Feel free to add ideas and comment (please sign your name.) It also helps to post to the [[OR1K:Community_Portal#Mailing_lists|mailing list]] outlining your proposal.
The spec update process will occur from time to time and all proposals largely agreed to by the community will make it in.
The current working copy of accepted proposals for architecture version 1.2 can be found [https://github.com/openrisc/doc/blob/arch-1.2-proposal/openrisc-arch-1.2-rev0.odt here].
== Core Identifier and Number of Cores (P1) ==
To enable multicore systems, a Special Purpose Register 'Core ID' is needed. Although it is principally not necessary, but allows for a self-contained solution, I furthermore propose a 'Number of Cores' register, which contains the number of cores in a SMP cluster.
Proposal: Use system status register address space 128+ for multicore specifics. I think there may further things come up, so that it may make sense to reserve some space.
This is already in mor1kx..
Therefore, in table on page 24 add:
Grp #: 0
Reg #: 128
Reg Name: COREID
USER MODE: -
SUPV MODE: R
Description: Core Identifier Register
Grp #: 0
Reg #: 129
Reg Name: NUMCORES
USER MODE: -
SUPV MODE: R
Description: Number of Cores Register
Add 4.12, explaining those.
== Optional user-mode support (P2) ==
As some processors designed for embedded applications won't necessarily run software with a user/supervisor-mode split of operation, it's not necessary for them to implement user-mode features (eg. protect from unprivileged access to SPRs and the like.) Obviously this lack of support for user mode should be indicated via a bit in the CPUCFGR. So I propose a bit is added so that implementations without user-mode support can be detected by software which requires user-mode.
''Comment:'' I think this is maybe too much of generalization. Except there is a specific plan to also implement a core without it, I don't think we should over-complicate the spec. [[User:Wallento|Wallento]] 11:51, 3 March 2015 (CET)
== SPR access updates (P3) ==
There has been a discussion about different SPRs and the possibility to access them from user space.
The topic can be split in two aspects: Defining privileges on instruction and defining the behavior for insufficient privileges.
=== SPR privileges ===
Essentially the idea is to allow user space access to certain configuration registers: VR, UPR, CPUCFGR, DMMUCFGR, IMMUCFGR, DCCFGR, ICCFGR, VR2, AVR. (Potentially add COREID and NUMCORES)
During discussion it turned out, that we might consider splitting the user space access to SPRs into configuration and state registers.

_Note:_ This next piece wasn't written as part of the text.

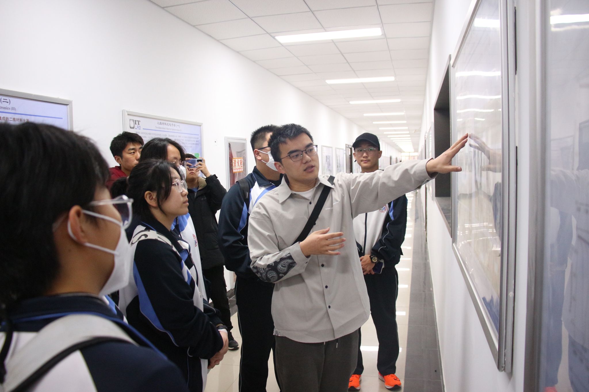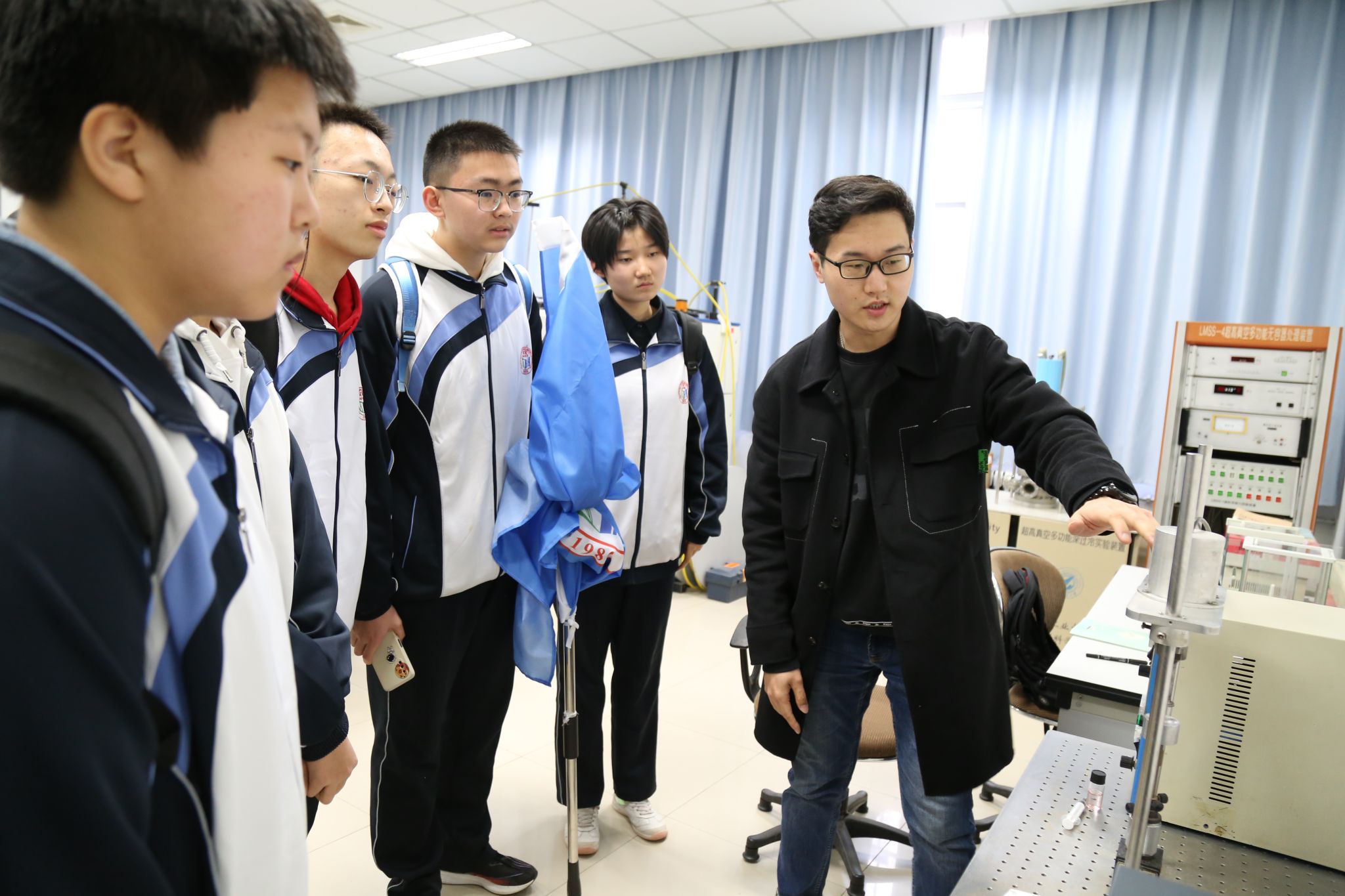 最后,在闫娜、李东、宋坤和杨超舜老师的带领下,研学师生分为三组轮流参观了陕西省空间材料科学与技术重点实验室、陕西省光信息技术重点实验室和陕西省凝聚态结构与性质重点实验室,并由各实验室负责博士生进行详细的解说。同学们对各种实验研究和仪器设备表现出浓厚的兴趣,踊跃提问,并不时记录。

We thereby allow to expose information about the core, but not about the current execution state.
The proposal is to add an extra field CSUMRA to SR for the configuration registers.
=== Accessing SPRs with insufficient privileges ===
At present there is no comment on what should happen in the event that l.mtspr/l.mfspr are used on SPRs which require supervisor mode to access, or if l.rfe is used in user mode.
There are currently two proposals for handling this:
The first is to leave the behavior in these cases implementation defined or completely undefined. If this option is chosen, the manual should be changed to state this explicitly.
The first proposal (by Julius) is for a l.mtspr (write to an SPR) requiring write in supervisor mode while in user mode makes that instruction equivalent to an l.nop. Also that l.mfspr (read from an SPR) with insufficient privileges returns 0, just like an unimplemented SPR would.
The second proposal, by firefalcon and pgavin, is that we keep in line with other ISAs and make the ISA fully virtualizable by throwing an exception in this case.
Some elaboration by pgavin: I think we should actually *use* the definition of "privileged" as given on page 15 of the manual (section 1.6). It is defined, but never used in the manual, from what I've found. Additionally, I think we should raise an exception whenever a privileged instruction has been executed while in user mode. For example, the l.rfe instruction should always raise this exception when executed in user mode. Additionally, in user mode, an attempt to read or write an SPR that is not permitted as indicated on Table 4-2 of the manual should raise this exception. An instruction that accesses a privileged resource in user mode should raise a privileged instruction exception. We can either reuse the current illegal instruction for this purpose, or add a new exception type.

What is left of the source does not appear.